Indeed, draft legislation recently leaked from the Department of Justice that would expand the USA Patriot Act. The proposed legislation, also dubbed as Patriot II, would grant government authorities unprecedented enforcement and intelligence gathering powers. It would authorize secret arrests, and create new death penalty offences. Section 501 of the Act would take American citizenship away from a person who belongs to, or support, groups that the US has designated as “terrorist organizations.” Section 503 of Patriot II would eliminate due process entirely by allowing summary deportations without evidence of crime, criminal intent or terrorism for immigrants, including green card holders, whom the Attorney General determines are a threat to national security. These are just a few provisions, among many, that would further undermine due process and the freedom that we people enjoy in America
While the Bush administration attempts to undermine international institutions and treaties that have preserved global peace and order, his Attorney General is slowly chipping away at the US constitution.

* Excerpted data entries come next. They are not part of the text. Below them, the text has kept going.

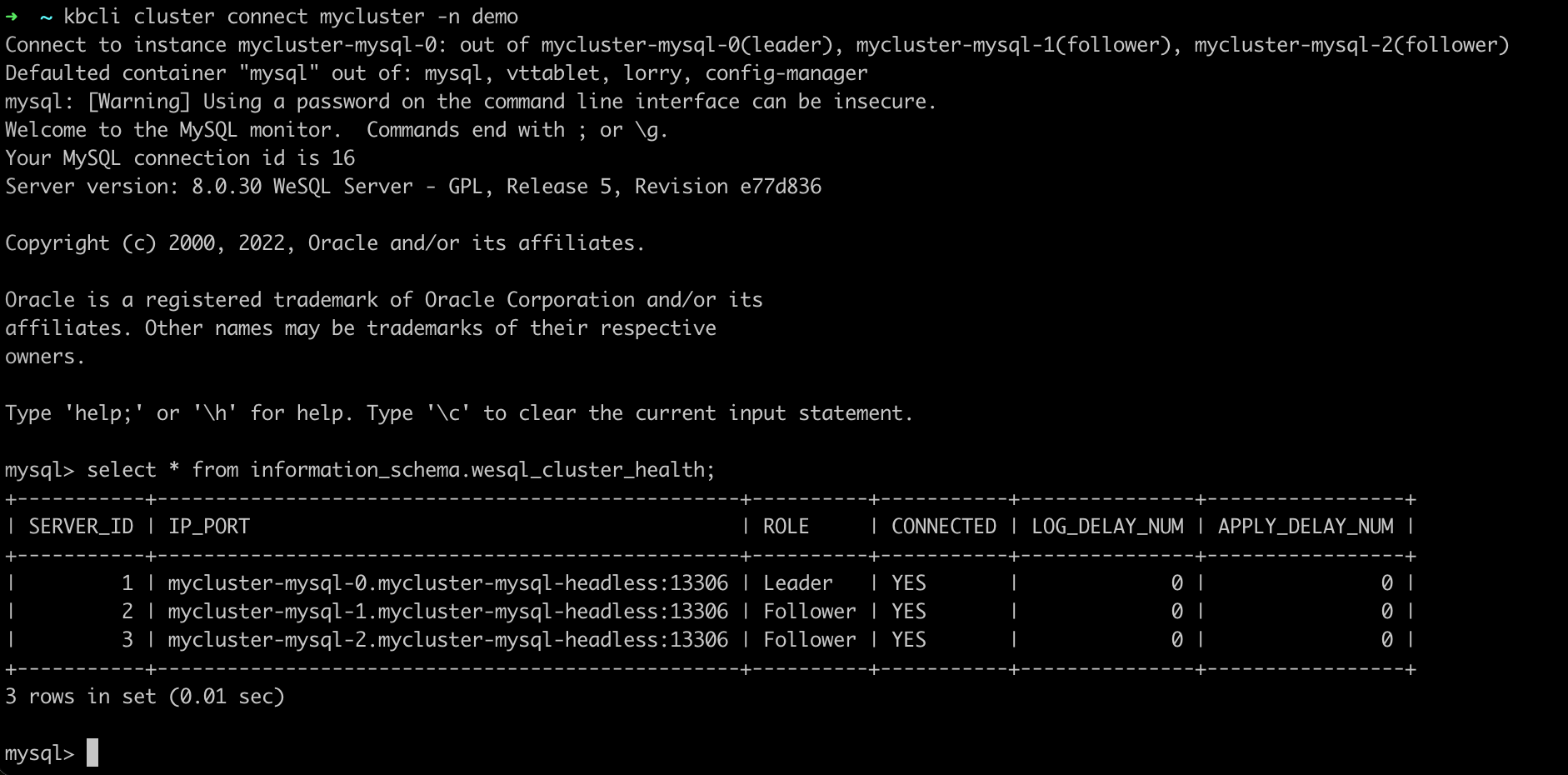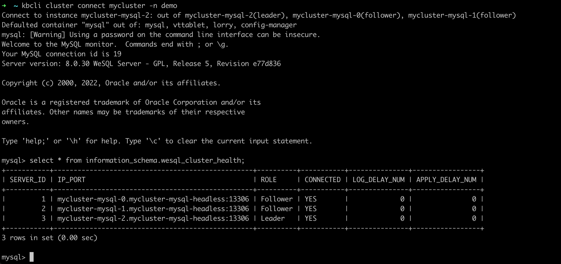 Run kbcli cluster connect mycluster again after a few seconds and you can find the pods in the RaftGroup work normally again.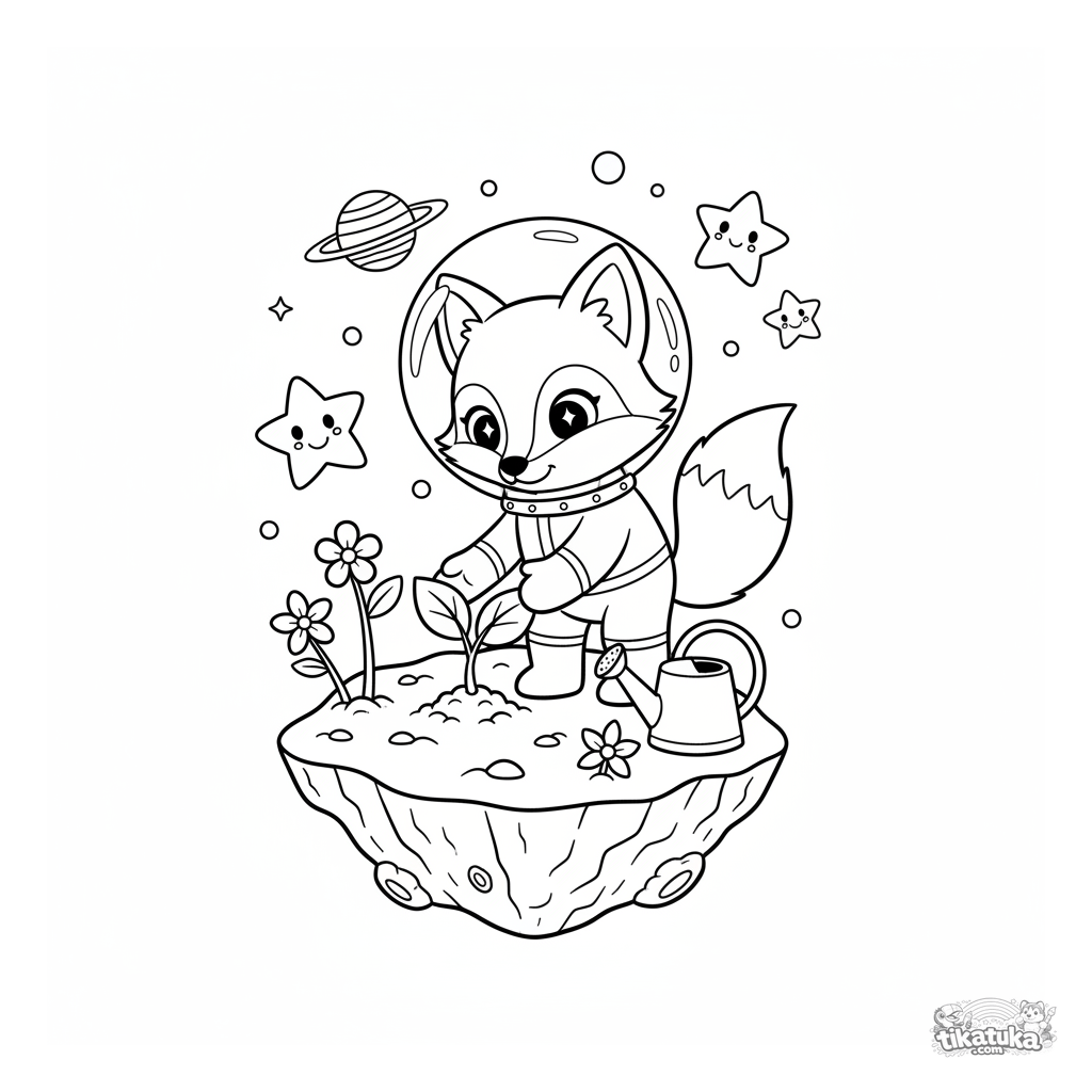 Página para colorir infantil: a raposa Foxy em traje espacial plantando flores em um asteroide no espaço. Estilo de boneco de pano, contornos limpos, margens amplas.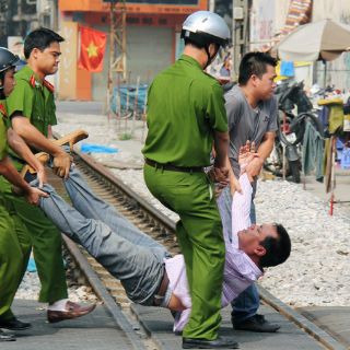 Centenares de policías con armas automáticas y equipos antidisturbios disolvieron la protesta, y arrestaron a unos 60 manifestantes en Hanoi y alrededor de otros veinte que se habían concentrado delante del consulado china en Ho Chi Minh (antigua Saigón).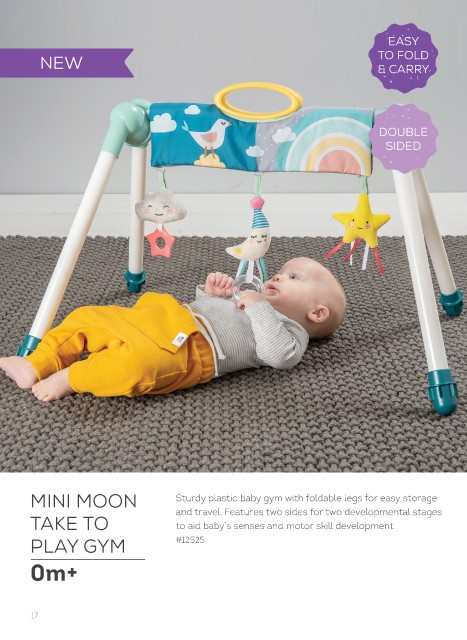 Easy new to fold & carry double sided mini moon Sturdy plastic baby gym with foldable legs for easy storage take to and travel. Features two sides for two developmental stages to aid baby’s senses and motor skill development play gym #12525 0m+ 17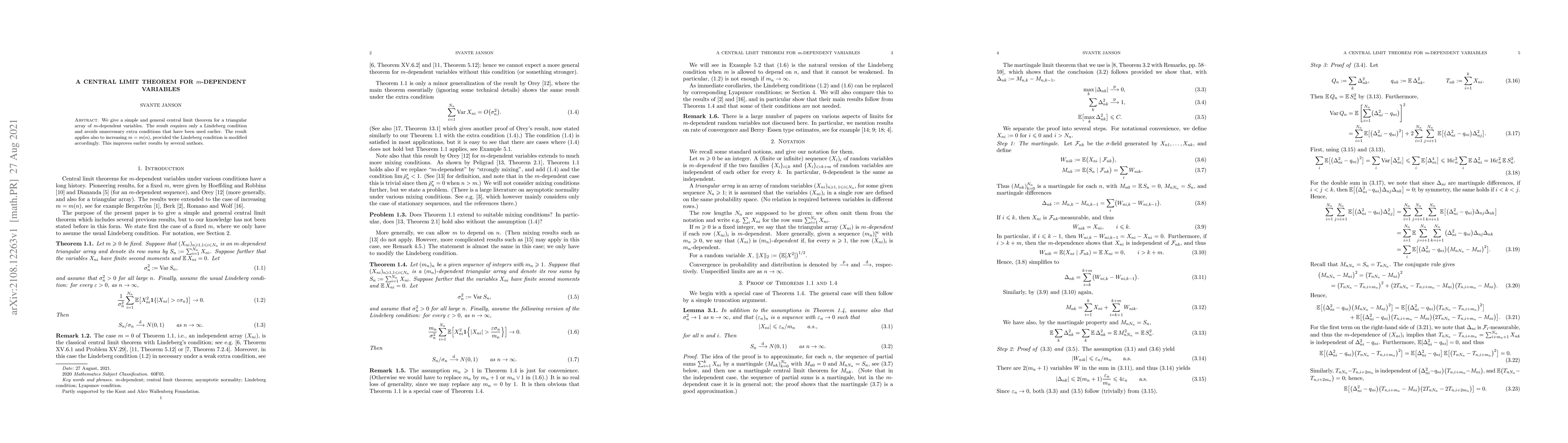 A central limit theorem is established for m-dependent variables with a simplified Lindeberg condition, improving earlier results for increasing m.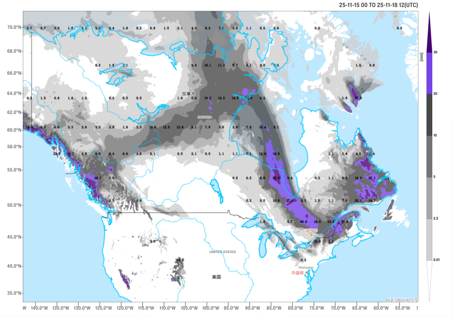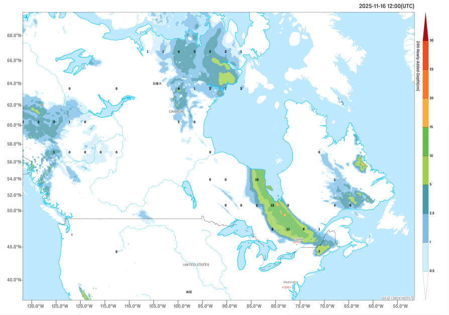 Affected by an upper-level cold vortex, it is expected that from November 15 to 18, a strong cold air mass will impact the central and eastern regions of North America from north to south (Figure 1). Average temperatures in southern Canada and the central and eastern United States will drop by 6 to 10°C, with localized cooling of 12 to 16°C (Figure 2). These areas will also experience winds of 5 to 6 on the Beaufort scale, with gusts of 7 to 8, and along the eastern coast of the United States, gusts could reach 9 to 10 (Figure 3). Parts of central and eastern Canada and northeastern United States will see heavy to severe snowfall (or sleet), with localized extreme snowfall events. Accumulated snowfall during this period is expected to reach 16 to 20 mm, with some areas exceeding 30 mm (Figure 4). New snow accumulation depths will range from 6 to 10 cm, with localized depths potentially exceeding 14 cm (Figure 5). Precautions should be taken against the adverse effects of the snowfall, strong winds, and cooling on local power transmission, shipping, and transportation.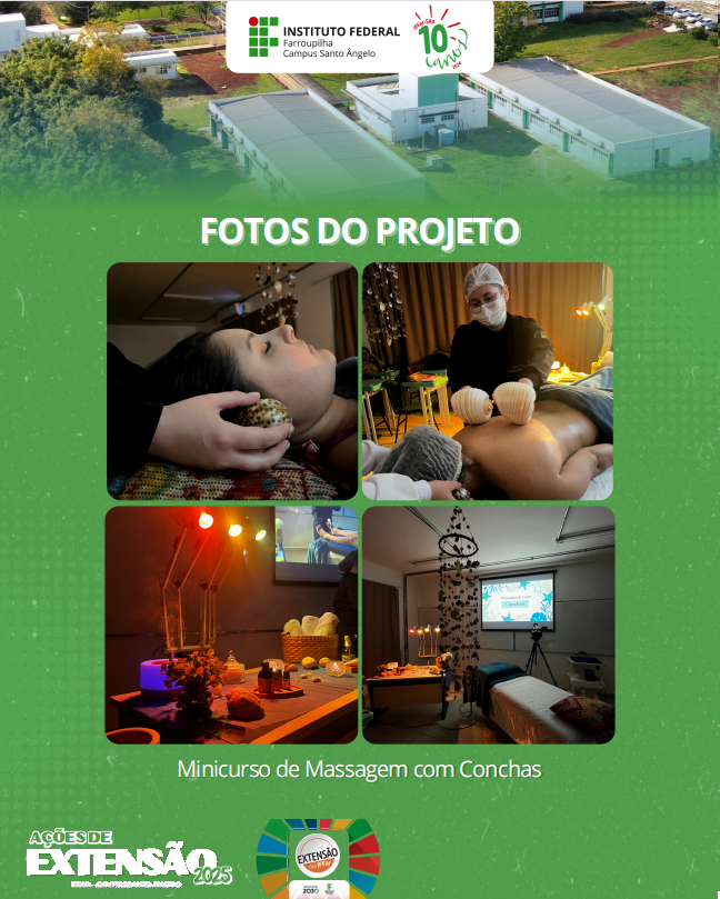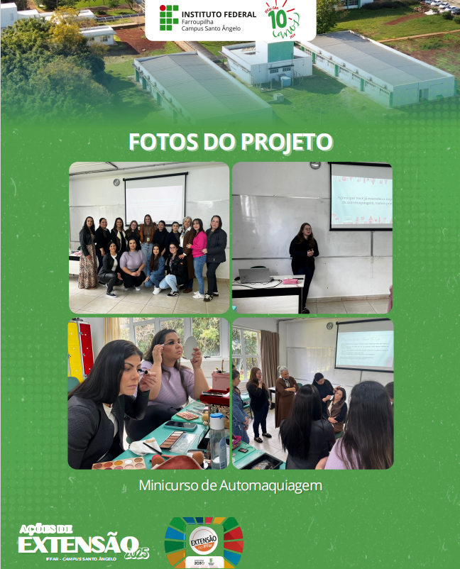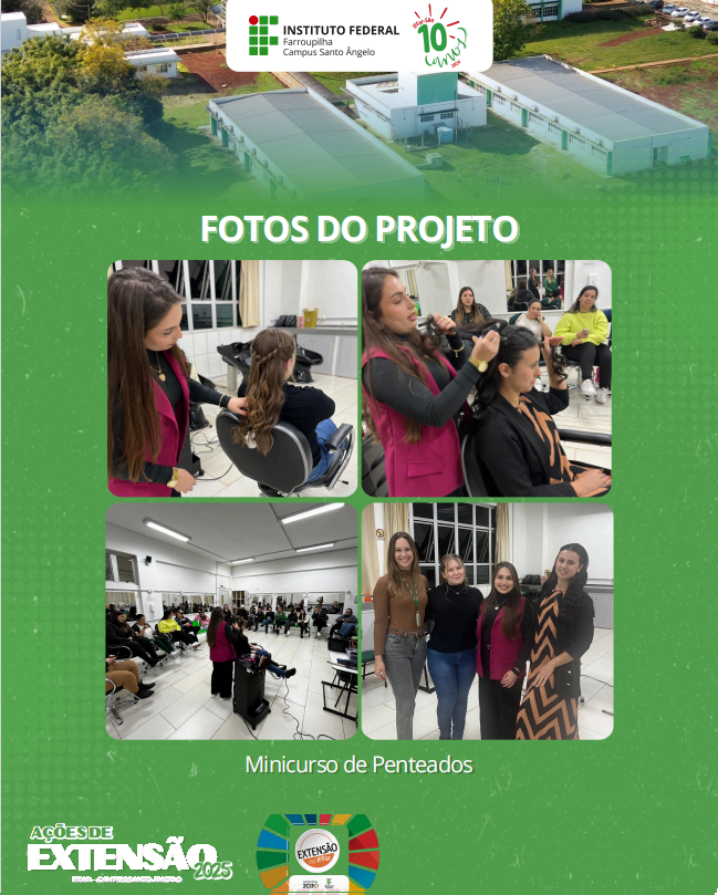 O projeto de extensão “Curso de Atualização em Estética e Bem-Estar – Ano 2” ofertou, em 2025, quatro minicursos gratuitos voltados à qualificação profissional na área da estética. Realizados entre agosto e novembro, os encontros reuniram ao todo 55 participantes externos e 15 participantes internos, entre estudantes, professoras, egressos e profissionais da área, promovendo atualização profissional, troca de saberes e vivências práticas em automaquiagem, massagem com conchas, massagem com pantalas e penteados contemporâneos.

A climate of fear was instilled though President Bush’s simplistic statement – either you are with us or with the terrorists. In December 2001, John Ashcroft told Congress that those who criticize the government’s policies would be viewed as unpatriotic. Much of the media and most members of Congress have abdicated their responsibility of being more vocal against the administration’s policies at the expense of being viewed as unpatriotic. Fortunately, the burgeoning peaceful protest and dissent of people from all over the world, as we saw last Saturday, gives many a ray of hope.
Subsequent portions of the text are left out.